In that year Blake scholar and historian Benjamin Malkin took himself off for an early psychogeographical meander across the not-yet mine-filled badlands of the Welsh south. He recorded his observations in The Scenery, Antiquities, and Biography of South Wales. Here he declared that ‘the pleasure of a tour in Wales is in some degree tinged with melancholy, on observing the honest and amiable manners of its inhabitants, to find so many appearances of a fallen country.’ He meant, I suppose, that the Welsh were not like the English he lived among in London. They were not empire builders. They were not exploiters. They were supporters of the underdog. They still are.
Malkin covered the south writ large. Everything from Briton ferry to Pendine sands, Llancarvan to Ceven Hengoed, and the Head of the Rydoll River right down to Welfh St. Donatts.
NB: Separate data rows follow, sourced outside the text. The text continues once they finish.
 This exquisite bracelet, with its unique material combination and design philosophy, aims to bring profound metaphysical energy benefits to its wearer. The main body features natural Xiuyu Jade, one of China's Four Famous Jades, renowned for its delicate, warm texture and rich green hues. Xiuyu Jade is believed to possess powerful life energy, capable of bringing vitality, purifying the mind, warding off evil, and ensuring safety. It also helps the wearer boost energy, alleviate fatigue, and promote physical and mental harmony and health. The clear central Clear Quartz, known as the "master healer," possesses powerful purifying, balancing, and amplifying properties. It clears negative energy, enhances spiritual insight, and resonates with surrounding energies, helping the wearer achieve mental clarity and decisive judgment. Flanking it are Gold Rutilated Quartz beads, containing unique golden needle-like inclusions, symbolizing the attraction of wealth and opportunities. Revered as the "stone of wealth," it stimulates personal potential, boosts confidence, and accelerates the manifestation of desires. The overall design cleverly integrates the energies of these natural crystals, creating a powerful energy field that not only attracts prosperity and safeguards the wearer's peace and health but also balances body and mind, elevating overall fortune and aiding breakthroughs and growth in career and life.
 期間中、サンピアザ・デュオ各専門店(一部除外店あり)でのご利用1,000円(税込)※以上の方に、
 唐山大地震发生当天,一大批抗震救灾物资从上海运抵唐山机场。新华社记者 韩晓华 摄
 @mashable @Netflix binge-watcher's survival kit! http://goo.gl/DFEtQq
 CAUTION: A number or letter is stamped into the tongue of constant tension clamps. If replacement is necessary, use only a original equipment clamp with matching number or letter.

He got into the nitty-gritty and found so much that he ended up reporting that ‘it is impossible, at this period of time, to separate truth from fable’. Wales shrouded by fog, myth and reality blending once again.
Malkin did well with his coverage but can you ever know a complete country? How close do you need to get? To really know and understand in intimate detail somewhere as big as, say, Russia is clearly impossible. But a place the size of Wales ought to be different. There are a few out there who’ve done it. Wynford Vaughan Thomas would be one. Trevor Fishlock another. The late Welsh philanthropist, businessman and poet Cyril Hodges once claimed to me that he had cycled along every road in Wales. He was an obsessive and a clear cymrofile.
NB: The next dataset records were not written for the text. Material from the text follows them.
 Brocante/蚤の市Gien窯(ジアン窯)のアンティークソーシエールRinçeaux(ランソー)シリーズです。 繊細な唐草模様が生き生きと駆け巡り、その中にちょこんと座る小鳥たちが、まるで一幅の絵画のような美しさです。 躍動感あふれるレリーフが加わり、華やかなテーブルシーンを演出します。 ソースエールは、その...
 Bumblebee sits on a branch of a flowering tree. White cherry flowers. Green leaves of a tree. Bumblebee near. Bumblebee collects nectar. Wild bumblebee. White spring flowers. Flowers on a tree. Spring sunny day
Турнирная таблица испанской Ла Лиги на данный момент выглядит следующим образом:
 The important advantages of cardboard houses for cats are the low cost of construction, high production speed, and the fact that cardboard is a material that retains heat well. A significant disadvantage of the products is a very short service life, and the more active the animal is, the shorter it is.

For decades I believed his claim until, astride my folding Brompton, I came to try the same thing. I was doing this for Cardiff rather than the whole of Wales. Several thousand thoroughfares, bollards, road junctions, traffic lights, pot holes and other difficulties were before me. I arrived at the top of Moorland Road, Splott and viewed its myriad intersections. It could be done, I guess, but life is too short.
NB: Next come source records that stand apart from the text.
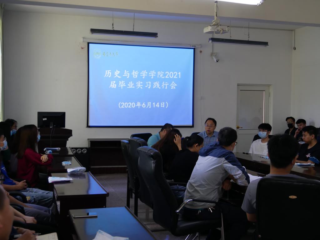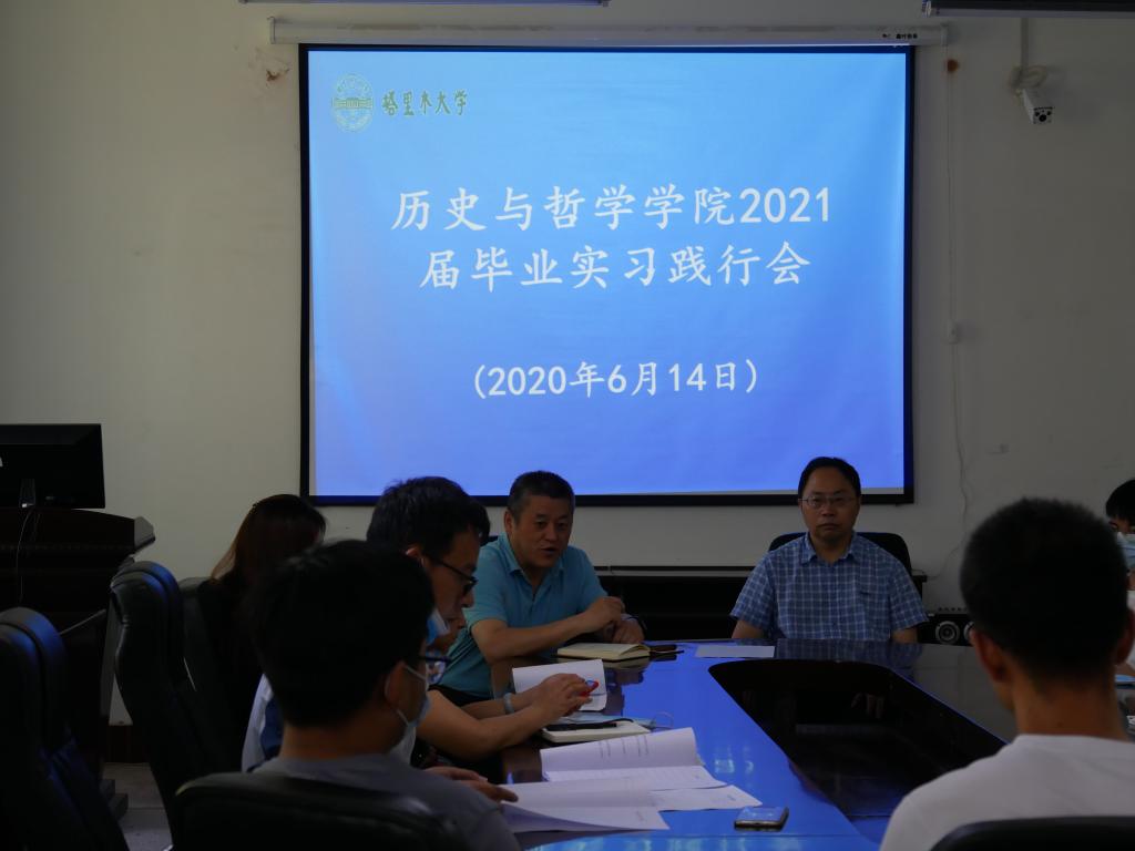 在学院会议室举行2021届本科毕业生毕业实习动员大会。会议由学院党总支书记姚江军主持,院长万朝林、教务办主任陈亚洲、各实习带队教师及历史21班共计40余人参会。2021届毕业生将分赴阿克苏、喀什、和田和兵团第十四师辖区的文博单位参加为期两月的毕业实习。
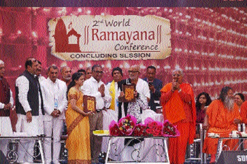 “RAMCHARITMANAS is an universal spiritual epic which is meant for welfare and development of every living being. Ramkatha belongs to the person who reads it and character of Lord Ram cannot be portrayed in a frame. Ramayana is for all and for welfare of everyone without any religious and communal differences,” said senior saint Morari Bapu. He was addressing the concluding ceremony of 2nd World Ramayana Conference at MLB Ground on Wednesday.
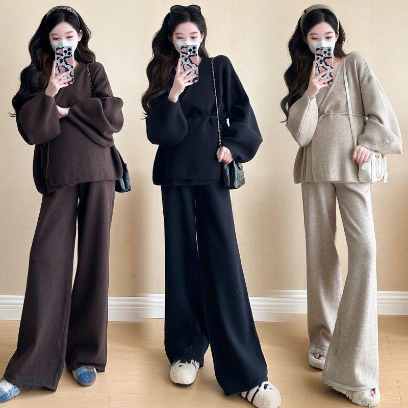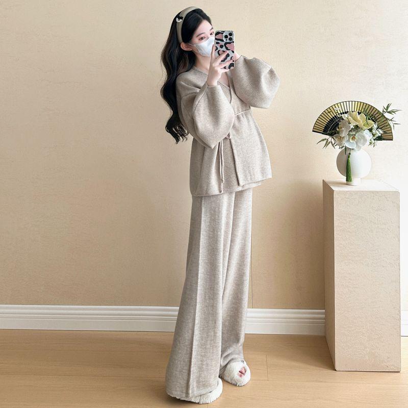 Вязаный комплект из двух предметов с V-образным вырезом, рукавами-фонариками и завязками, с брюками широкого кроя - Женский осенне-зимний корейский стиль

Being a small country we are never defeated by our grandeur, the breadth of our deserts, the unassailability of our peaks or the roaring might of our dams and rivers. We may well have all these things, bending definition slightly to manage deserts, but we don’t let them blind us with might. The land of Wales is touchable, knowable, and ultimately hard to get lost in, although some have tried.
On this basis Wales should be easily governable. The vagaries and fluctuations of our economy, our population, our production and our consumption should be readily understood and easily influenceable. But for a whole raft of reasons they turn out not to be.
For the psychogeographer, however, little of this matters. We see the place and record what it is, what it was and what it might become all in one go. Change is not really for us.
1. Malkin, Benjamin Heath – The Scenery, Antiquities and Biography of South Wales. First published 1804. S R Publishers facsimile reprint 1970.
Once, when I was asked how a psychogeographic tour of the urban district I was proposing might work out, I suggested that we attempt walking the streets in alphabetical order. I was met with blank looks. Guy Debord, French philosopher and big gun of first the Letterists and then the Situationists defined psychogeography as ‘the study of the precise laws and specific effects of the geographical environment, consciously organized or not, on the emotions and behaviour of individuals’. He was a proponent of the dérive, the wander, the unplanned amble following how you felt rather than where you wanted to go. Progress would be defined by external agents. Baudelaire’s love of the flâneur would be revived. The spirit of a place would outlive everything else.
In my own explorations I have discovered that rivers shift, names fade, borders and boundaries are endlessly porous and immensely mobile but sacred spots are the things that hang on. Many of the hillforts and standing stones of ancient Wales are lost in our urban developments but the power of the holy wells and transcendent hallowed places somehow remains. A mosque will be sited where a church once stood. That church itself would have been sited in some earlier sacred or blessed pagan place. Memory might be lost but the route to the divine carries on.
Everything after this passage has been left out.